In summery, the description and evaluation of rural settlements in Israel is characterized by three periods, in which various settlements were considered to be exemplary: until the 1930s the individual settlements, those which carried the flag of Zionist renewal, conquering the wilderness, building up of the land, and facing of challenges. From the 1930s until the late 1960s, the cooperative and the collective settlements was described as exemplary for the realization of the Zionist Socialist dream, the pride of Jewish pioneering settlement. In the present, the significance of rural settlement has decreased generally, and has ceased to be considered exemplary. The emphasis in the teaching of geography of Israel has been transferred to urban settlements and to systems of regional settlement, as a result of the increased level of scientific objectivity and the urbanization of the country. The Haredi education is exceptional, as it uses other measurement tools to evaluate places in Israel.


Some recent geographical researches try to reconnect geographical terms, as territory or scale, with national identities (Herb and Kaplan 1999). Other believe that national identities are more complicated issues and have to be studied in cultural and historical perspectives too. (Hooson 1994) The cultural view point can lead up to the field of education and find there traces of connections between nationality and geography — connections which changed during the years as a result of political ideology and scientifically developments (Haubrich 1998 p. 17)

The ideology which shaped the education system, buried its values in textbooks and curricula. Therefore in order to understand the various changes in ideology buried in textbooks, one must turn to language, which transmits the ideological meanings within a certain period. Language serves ideology in transmitting a certain “reality,” which it aims to perpetuate, for the sake of survival. Textbooks provide “social manifestoes,” which include the “formal language” in which ideology is used for purposes of communication and socialization.

Geography textbooks, as other social archetypes, may be used as unexploited “raw material” for the purpose of understanding the culture which creates them. As raw material, the culture which “writes” the textbooks lies hidden within them, and these texts create images crucial for the culture’s survival. The “reader” of texts who is contemporaneous in time period and culture to the texts cannot always succeed in deciphering the variety of meanings located within them.

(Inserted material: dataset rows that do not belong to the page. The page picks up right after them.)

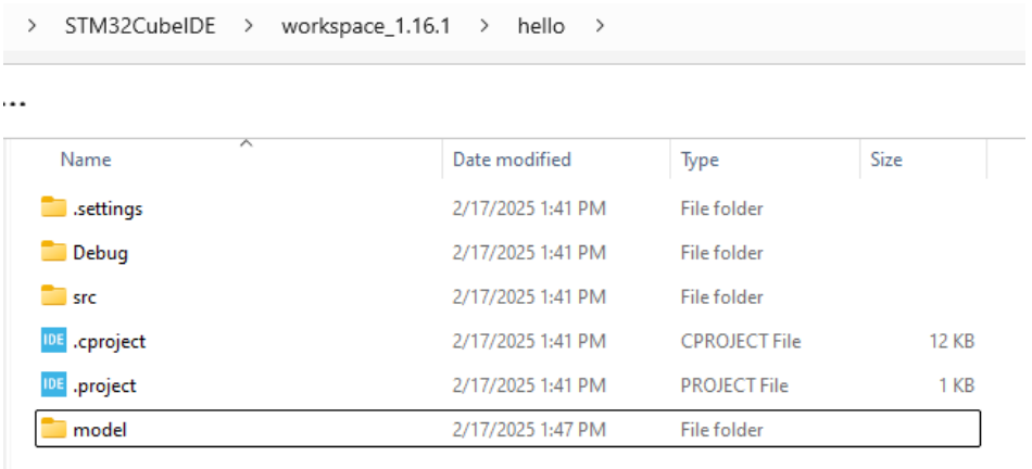 首先在工程目录下建立一个 model 目录,存放 x-cube-ai 生成的模型算法。目录结构如下图 3 所示:
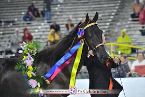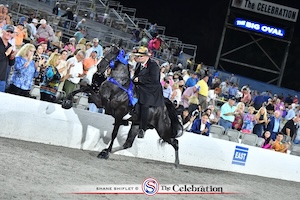 SHELBYVILLE, Tenn.— The first Saturday night of The Celebration is the preliminary to the big stake night where the Grand Champion Tennessee Walking Horse of the world is crowned. The first Saturday night is the main qualifier to see who will show back for that special honor. In addition to this, the Lead Line World Grand Championship and the Yearling World Grand Championship usher in the first spotlight rides of The Celebration. Competition got underway at precisely 7PM with Mark Farrar announcing the flag bearers, White Diamond Dollar and Vicki Self. After the colors were posted in the north turn, Jimmy West of the Edgemont Baptist Church said the invocation. The Cavaliers of Shelbyville sang the national anthem.
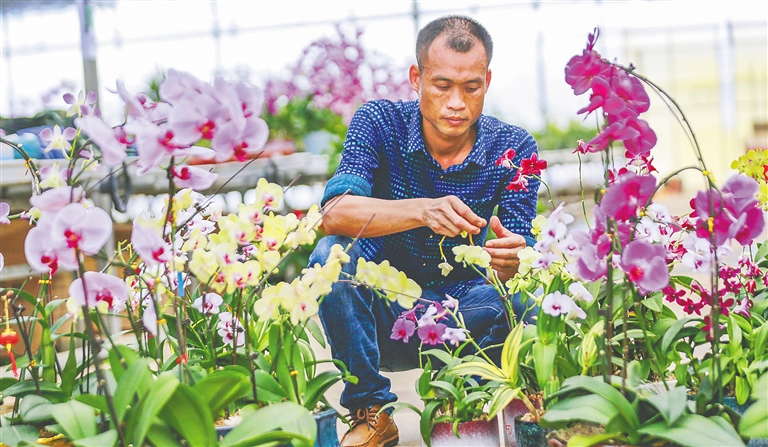 8月13日,在位于昌江乌烈镇道隆村的海南和丰世纪农业开发有限公司花卉基地,村民们在大棚里认真地护理兰花苗。“在这里务工离家近,每月能有3000多元的稳定收入。”道隆村村民杨海望说,她已在基地工作两年多,主要负责兰花的养护及包装等工作。
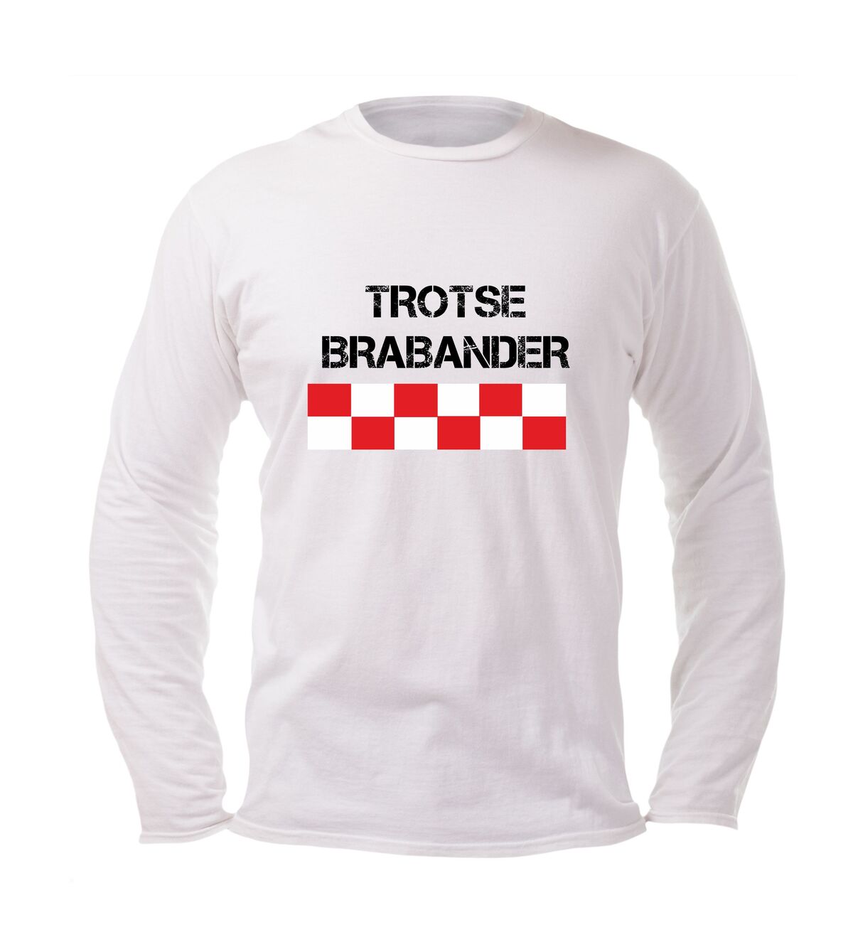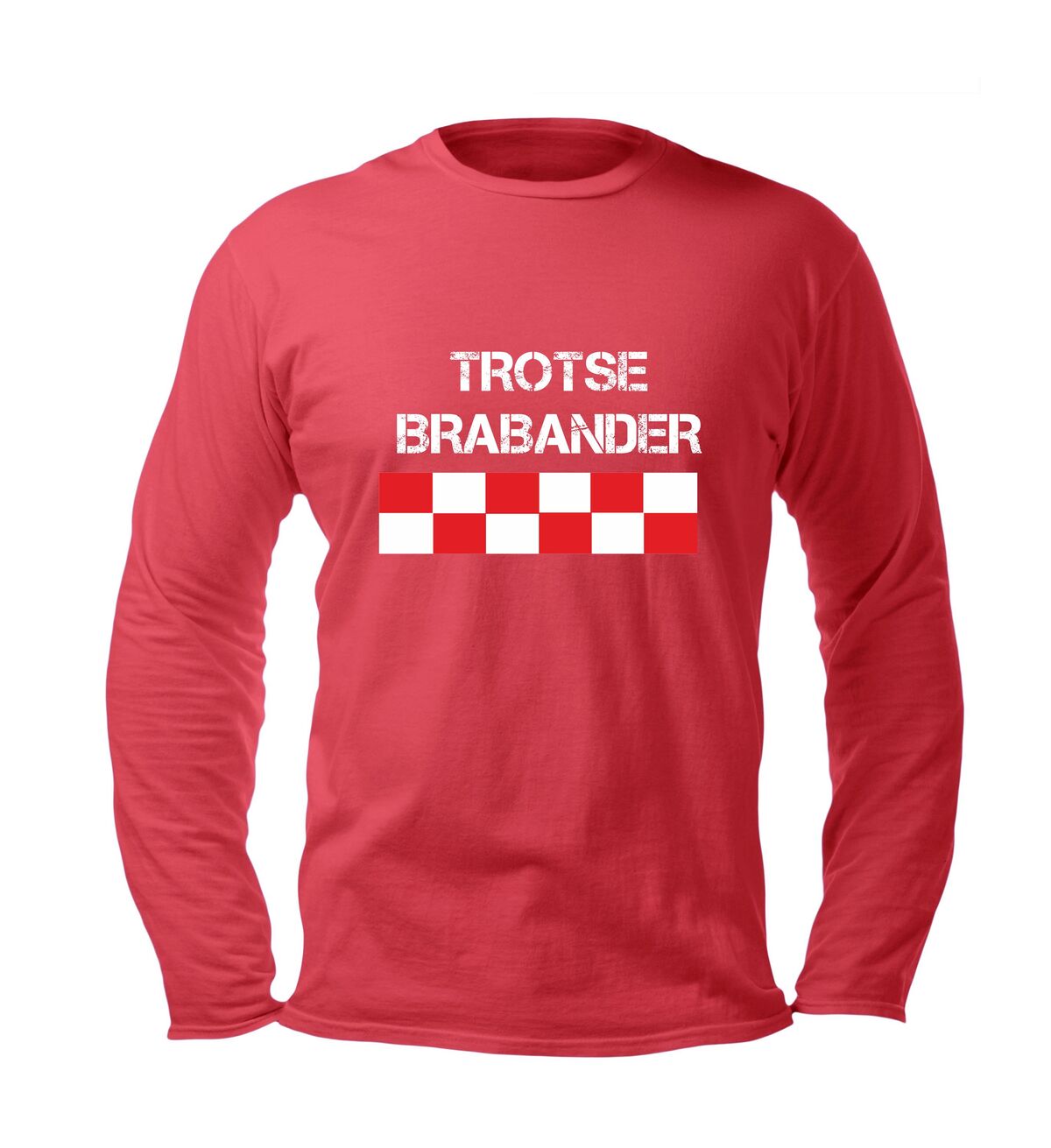 Deze unisex longsleeve met de trotse tekst "TROTSE BRABANDER" en het herkenbare rood-wit geblokte design is een echte must-have voor iedereen die zijn roots met liefde én stijl wil laten zien.

From the examples discussed in this article, one can see that geography textbooks present different representations of the same places. For example: Jerusalem, as a location, has received a wide variety of representations, including those in which Jerusalem is the center of the world (Haredi education), while for others, Jerusalem represents a place which is the capital of a modern state (secular education). Tel Aviv, as a place, has received consistent evaluations, on the other hand. This city symbolizes the socio-economic center of the Zionist settlement in the land of Israel. One can see that the representation of places in geography textbooks (which influence the construction of a student’s spatial conception) is a direct result of the accepted ideology. Therefore, one may assume that the student’s relationship to space in the future, as he or she matures, will be influenced by the representations to which the student is exposed in childhood and youth (Bar-Gal, 1993 a, 1994) In this way, the educational system, which is an extension of the prevailing political power, may insure continuity and survival of its ideological perception of space and places within a country.